**WORK ORDER:** Pictures stay out of the output. Return exactly the lines below from the one with "Ramo de 10 Tulipanes + 4 Girasol" down to the one with "Women's Red Rose", both included, and nothing more.
──────── RECORDS PROVIDED ────────
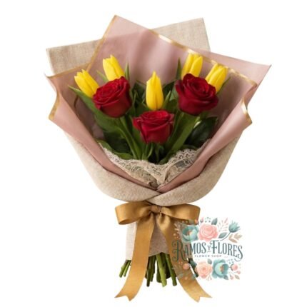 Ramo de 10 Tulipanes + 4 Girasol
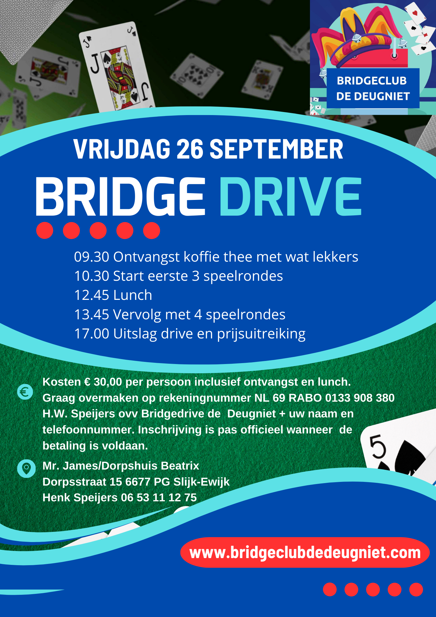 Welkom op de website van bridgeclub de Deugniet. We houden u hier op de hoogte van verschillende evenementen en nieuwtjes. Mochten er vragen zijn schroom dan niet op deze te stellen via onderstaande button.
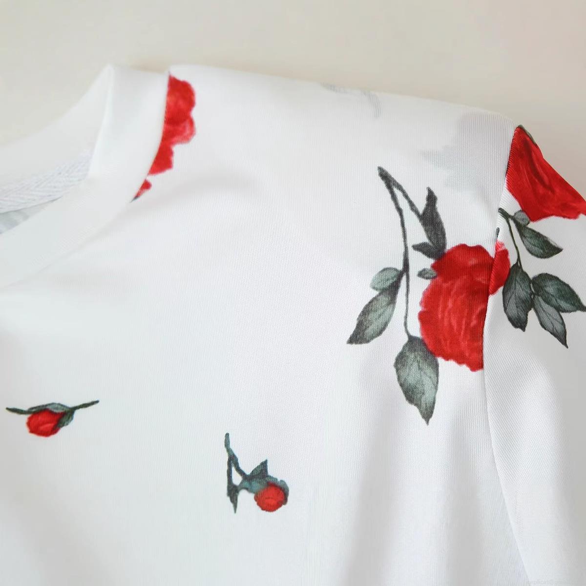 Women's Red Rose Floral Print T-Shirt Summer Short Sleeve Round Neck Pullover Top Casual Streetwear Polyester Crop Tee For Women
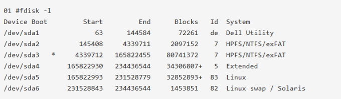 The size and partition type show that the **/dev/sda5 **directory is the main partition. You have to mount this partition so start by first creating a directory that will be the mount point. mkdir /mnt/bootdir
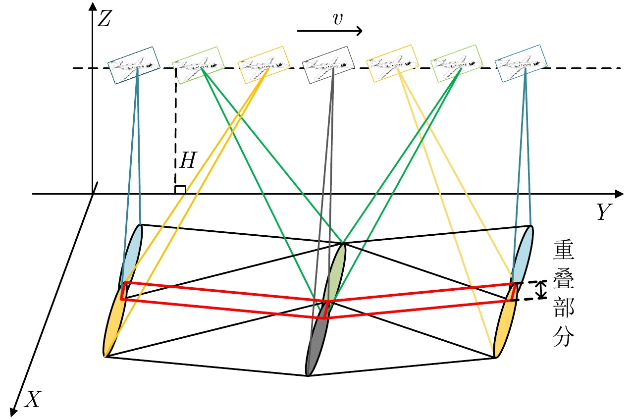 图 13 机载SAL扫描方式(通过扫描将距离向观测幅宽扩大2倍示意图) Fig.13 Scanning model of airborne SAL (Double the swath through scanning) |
────────
──────── RECORDS PROVIDED ────────
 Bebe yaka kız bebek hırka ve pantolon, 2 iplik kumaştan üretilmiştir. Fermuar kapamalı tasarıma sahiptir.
────────
──────── RECORDS PROVIDED ────────
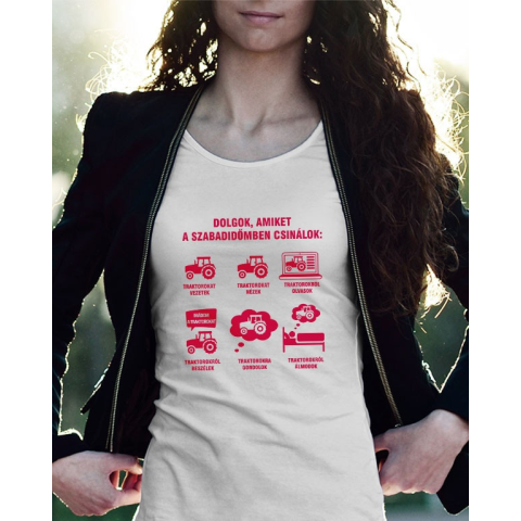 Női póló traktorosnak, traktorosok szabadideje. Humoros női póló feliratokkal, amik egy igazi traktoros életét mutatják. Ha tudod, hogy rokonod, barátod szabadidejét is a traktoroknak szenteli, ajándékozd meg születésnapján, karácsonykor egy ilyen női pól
────────
**EXPECTED OUTPUT:**
 Ramo de 10 Tulipanes + 4 Girasol
 Welkom op de website van bridgeclub de Deugniet. We houden u hier op de hoogte van verschillende evenementen en nieuwtjes. Mochten er vragen zijn schroom dan niet op deze te stellen via onderstaande button.
 Women's Red Rose Floral Print T-Shirt Summer Short Sleeve Round Neck Pullover Top Casual Streetwear Polyester Crop Tee For Women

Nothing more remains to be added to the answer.